__Exercise prompt__: Please repeat only the lines below starting at the line that holds "市盈率为负时,不显示当期分位数,会导致折线图中断。" and ending at the line that holds "Svečana, tradicionalna dodjela", exactly, with both of those lines included and every picture omitted.

__Stored entries__:
Segment Open

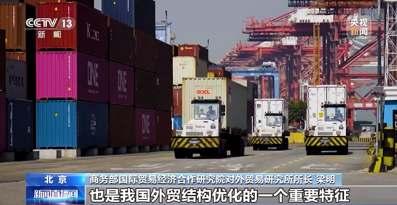 商务部国际贸易经济合作研究院对外贸易研究所所长 梁明:民营企业进出口的增速是明显好于我们外贸整体增速的,民营企业外贸进出口总额的规模占我国外贸总规模的比重,始终在一半以上,不仅发挥了外贸稳定器的作用,也是我国外贸结构优化的一个重要特征。
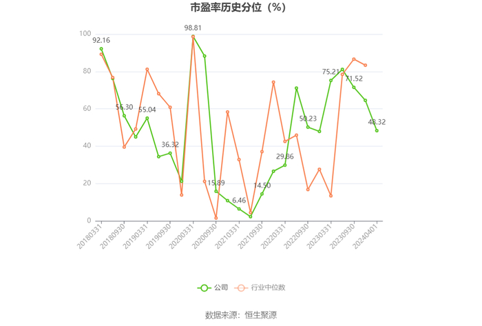 市盈率为负时,不显示当期分位数,会导致折线图中断。
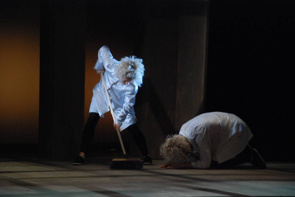 Piedāvājam foto no Liepājas teātra, kur trešdien notika ģenerālmēģinājums izrādei, traģikomēdijai "Paradīze", kas pirmizrādi piedzīvos 13. martā plkst.19.
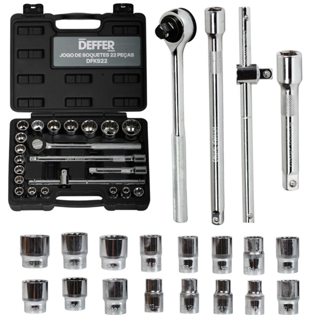 Kit de Chave Catraca Profissional Com 22 Soquetes Reversível 1/2 Polegada - DEFFER
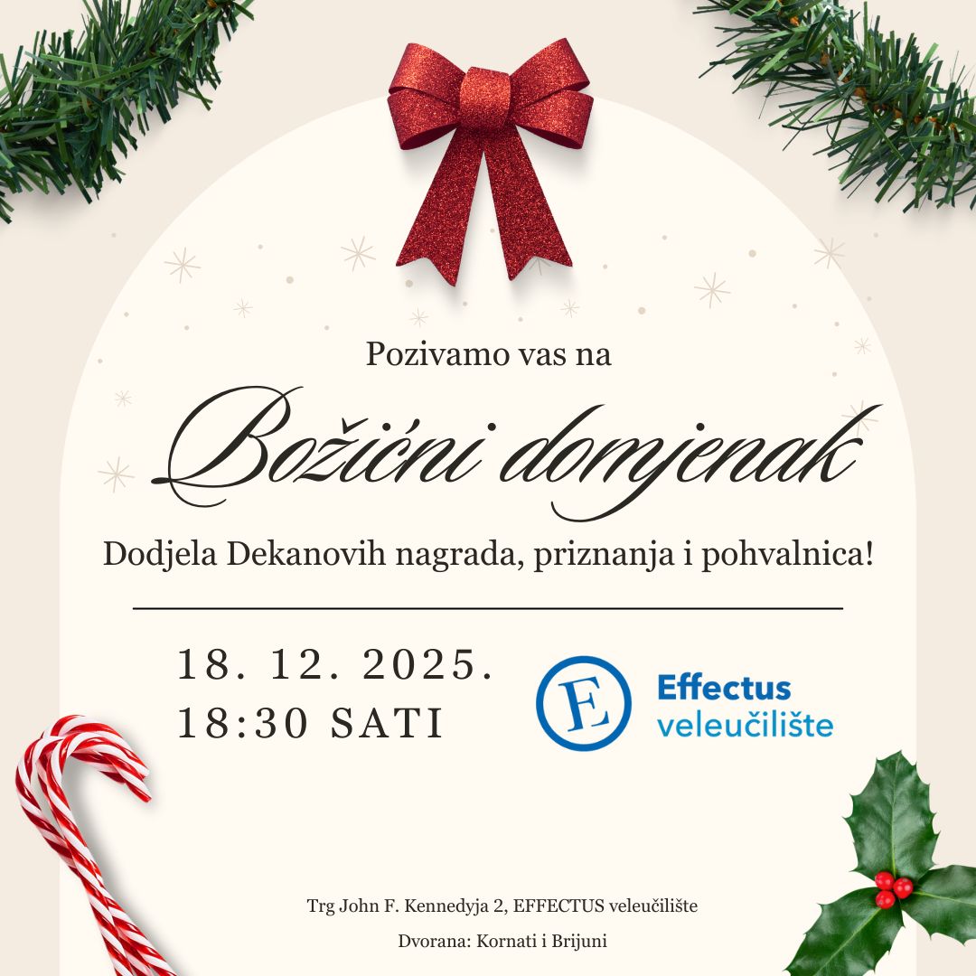 Svečana, tradicionalna dodjela Dekanovih nagrada i priznanja za najbolje studente i zaposlenike EFFECTUS veleučilišta održat će se 18. prosinca 2025. u 18:30 sati, u dvoranama Kornati i Brijuni na EFFECTUS veleučilištu.
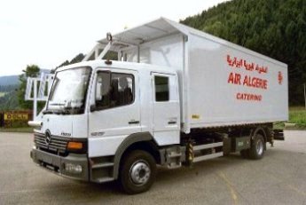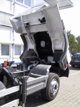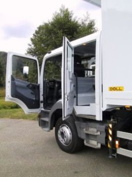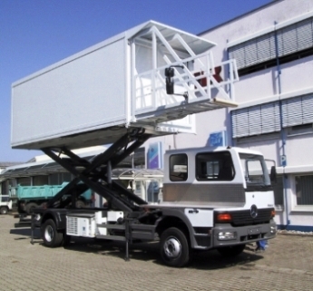 Mit diesem Fahrerhausumbau zum "Halbschnittfahrzeug" bietet die Firma Eller eine Problemlösung für den Catering− und Rollstuhltransport im Flugvorfeld an. Bei dieser Fahrerhausänderung bleibt der gesamte Funktionsumfang des Fahrgestells erhalten. |
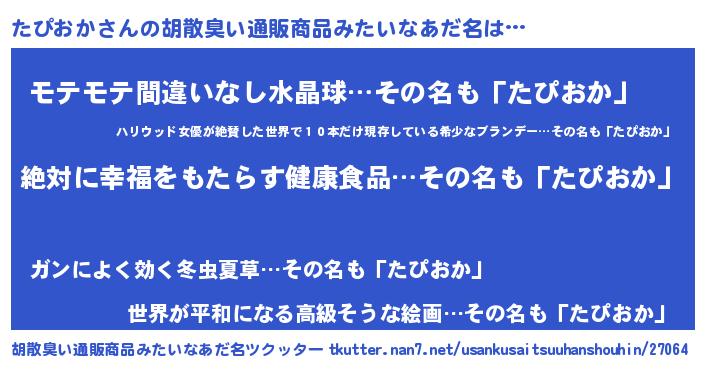 | 女子向けラノベタイトル風あだ名 | 『異世界で失敗しない100のたぴおか』 |
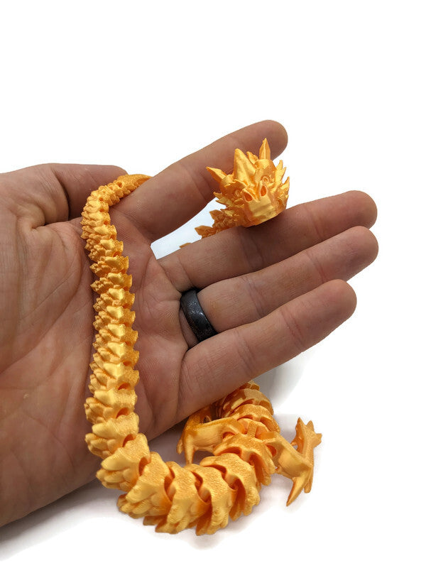 Ein majestätischer Drache, ganz in Gold – edel, detailreich und mit beweglichem Körper. Dieses kunstvoll gefertigte Wesen verleiht jedem Raum einen Hauch von Magie und Anmut. Ideal als Deko, Geschenk oder Highlight in jeder Sammlung.
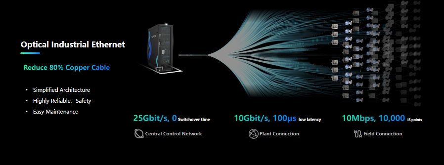 Nyx采用全光工業(yè)網(wǎng)絡(luò),智能現(xiàn)場數(shù)據(jù)以10Gbps速度和并行冗余方式直達控制數(shù)據(jù)中心,打造極簡的網(wǎng)絡(luò)架構(gòu),節(jié)省電纜和空間90%以上。
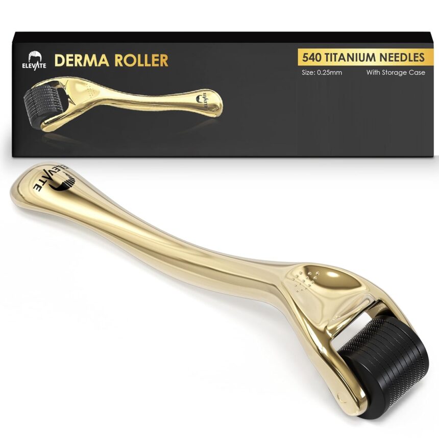 Elevate Derma Roller 0.25mm with 540 Titanium Microneedle Roller for Women & Men – Gold Roller for Face Skin Hair & Beard – Includes Storage Case
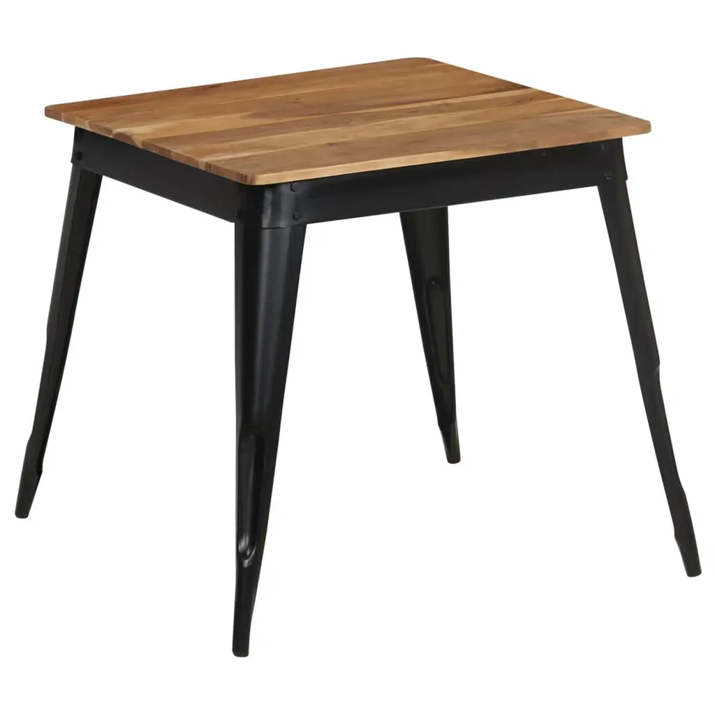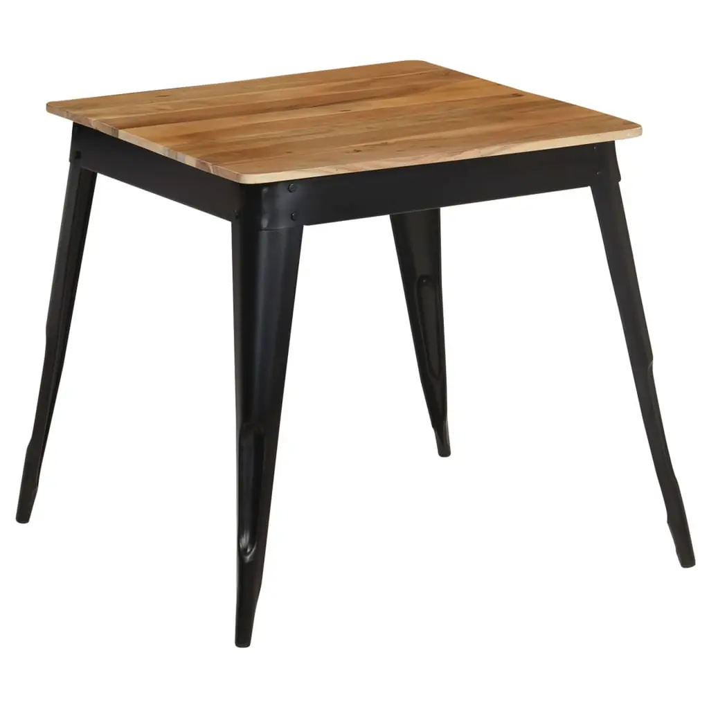 This Rustic Industrial Dining Table perfectly combines natural elegance with modern durability, ready to step up your dining experience. Its solid acacia wood top gives off a warm vibe, making it a fantastic centerpiece for everything from cozy meals to casual get-togethers. Solid Acacia Wood: This table sports a top made of high-quality acacia wood, famous for its rich color and unique grain, ensuring each piece is one of a kind. The natural finish enhances your home’s beauty while giving a tough surface for daily use.Sturdy Steel Frame: Built on a solid steel frame, this table promises top-notch stability and longevity, perfect for any spot. The painted black legs add modern contrast and enhance the table's industrial vibe.Versatile Style: Whether in a dining room or for work, the rustic industrial design fits in with various décor styles, making it a handy addition to your home. It can do double duty in both dining and working spaces.Compact yet Spacious: At 29.5 in by 29.5 in and with a height of 29.9 in, this medium-sized table comfortably seats four, making it great for smaller areas without losing out on style or function.Easy Maintenance: The lacquer finish makes cleaning easy, keeping it looking great while protecting against wear and moisture. Just a bit of care will keep this table as a standout piece in your home for ages.
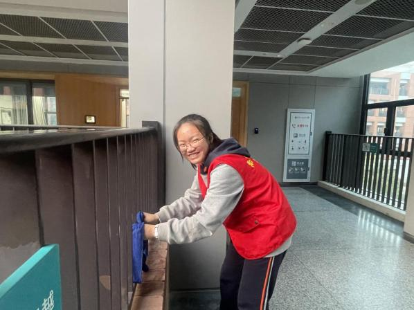 作为任务覆盖范围最广的班级之一,高一(10)班负责了千人剧场、图书馆等多个区域。他们在图书馆体验了知识殿堂管理的细致,在剧场营造了整洁舒适的观演环境,在教学楼则进行了全面深度的清洁。他们将此次活动定义为一堂生动而深刻的“大思政课”,收获了劳动观念、实践能力、团队协作和校园归属感的全面提升。
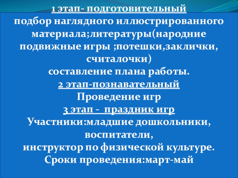 подбор наглядного иллюстрированного материала;литературы(народние подвижные игры ;потешки,заклички,считалочки)
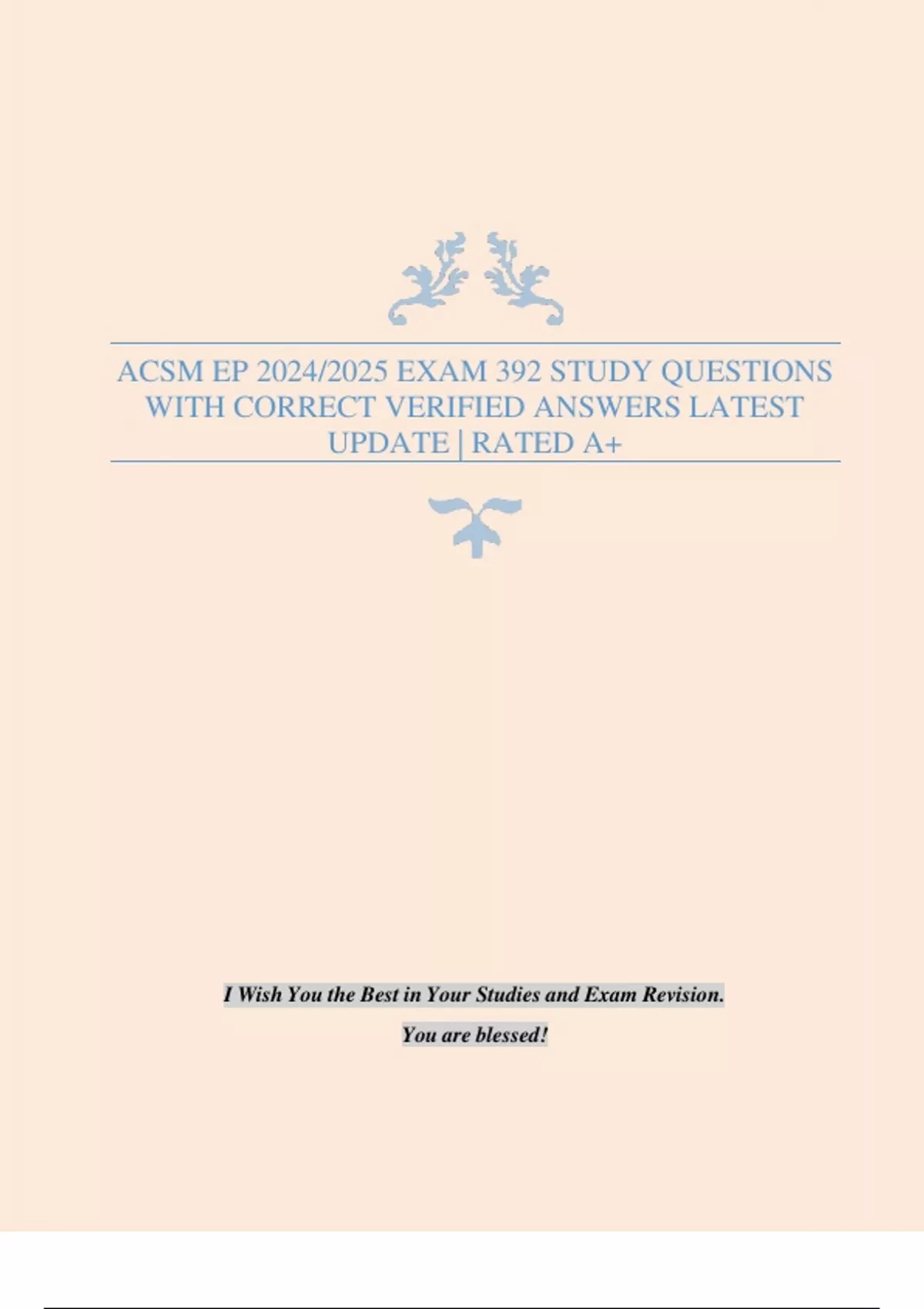 ACSM EP 2024/2025 EXAM 392 STUDY QUESTIONS WITH CORRECT VERIFIED ANSWERS LATEST UPDATE | RATED A+
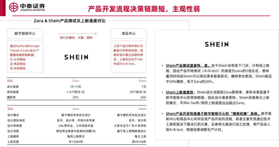 ▲中泰證券研報稱,Zara每年上新新品12000件,尚不及Shein每週上新數量的1/4.
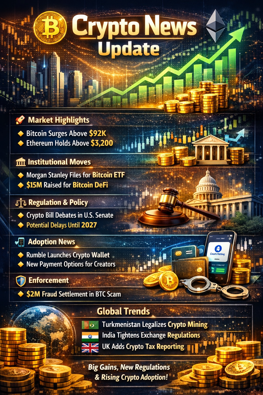 Die Marktentwicklung verlief heute insgesamt uneinheitlich, wobei Bitcoin bei rund 92,8 Tsd. US-Dollar notierte und Ethereum sich Ăźber 3.200 US-Dollar hielt.
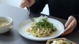 今回はHIBITO (ヒビト) 「SABI」シリーズのディナープレートに盛り付けました。アクセントの錆釉の縁取りが和食とも相性抜群です。
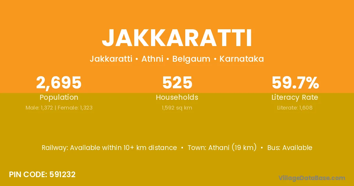 Athani (19 km) is the nearest town to Jakkaratti village for major economic activities and is located approximately 19 km away.
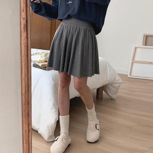 H스타일(DK)니트주름미니SK 겨울 기모 스커트 SK 치마 훌 플레어
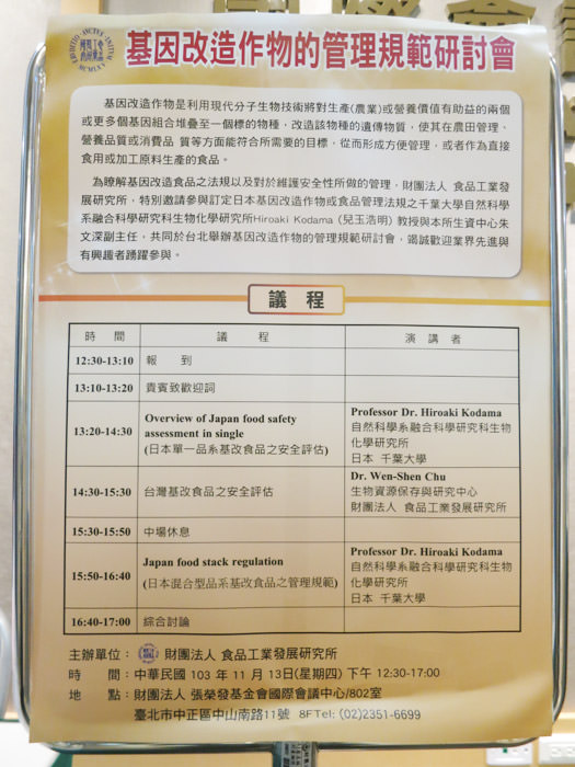為瞭解基因改造食品之法規以及對於維護其安全性所做的管理,美國穀物協會與財團法人食品工業發展研究所特別邀請參與訂定日本基因改造作物或食品管理法規之千葉大學自然科學系融合科学研究科生物化學研究所Hiroaki Kodama(兒玉浩明)教授與財團法人食品工業發展研究所生資中心朱文深副主任,共同於台北張榮發基金會國際會議中心舉辦基因改造作物的管理規範研討會。
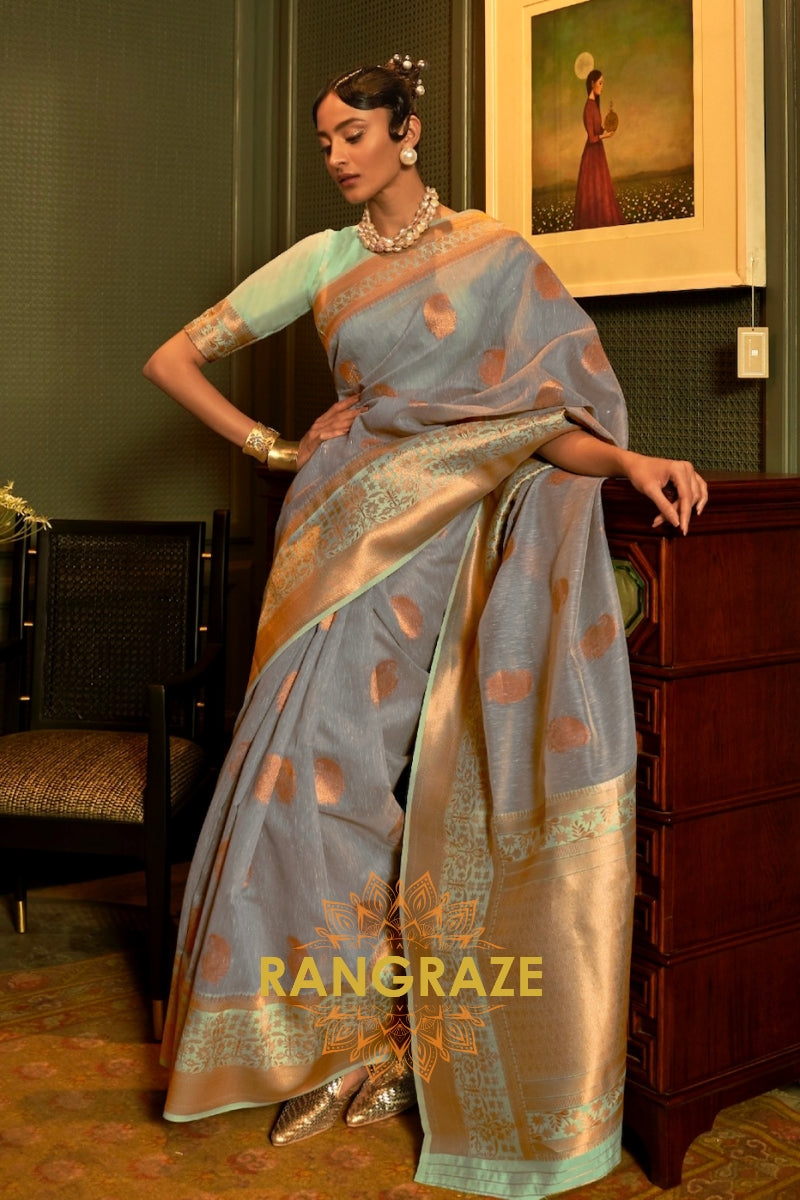 Slate Grey Pure Linen Copper Zari Banarasi Weaving Saree
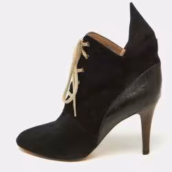 Chloe Black Suede and Leather Pointed Toe Ankle Booties Size 38.5

Segment Closed

__Answer to this task__:
 市盈率为负时,不显示当期分位数,会导致折线图中断。
 Piedāvājam foto no Liepājas teātra, kur trešdien notika ģenerālmēģinājums izrādei, traģikomēdijai "Paradīze", kas pirmizrādi piedzīvos 13. martā plkst.19.
 Kit de Chave Catraca Profissional Com 22 Soquetes Reversível 1/2 Polegada - DEFFER
 Svečana, tradicionalna dodjela Dekanovih nagrada i priznanja za najbolje studente i zaposlenike EFFECTUS veleučilišta održat će se 18. prosinca 2025. u 18:30 sati, u dvoranama Kornati i Brijuni na EFFECTUS veleučilištu.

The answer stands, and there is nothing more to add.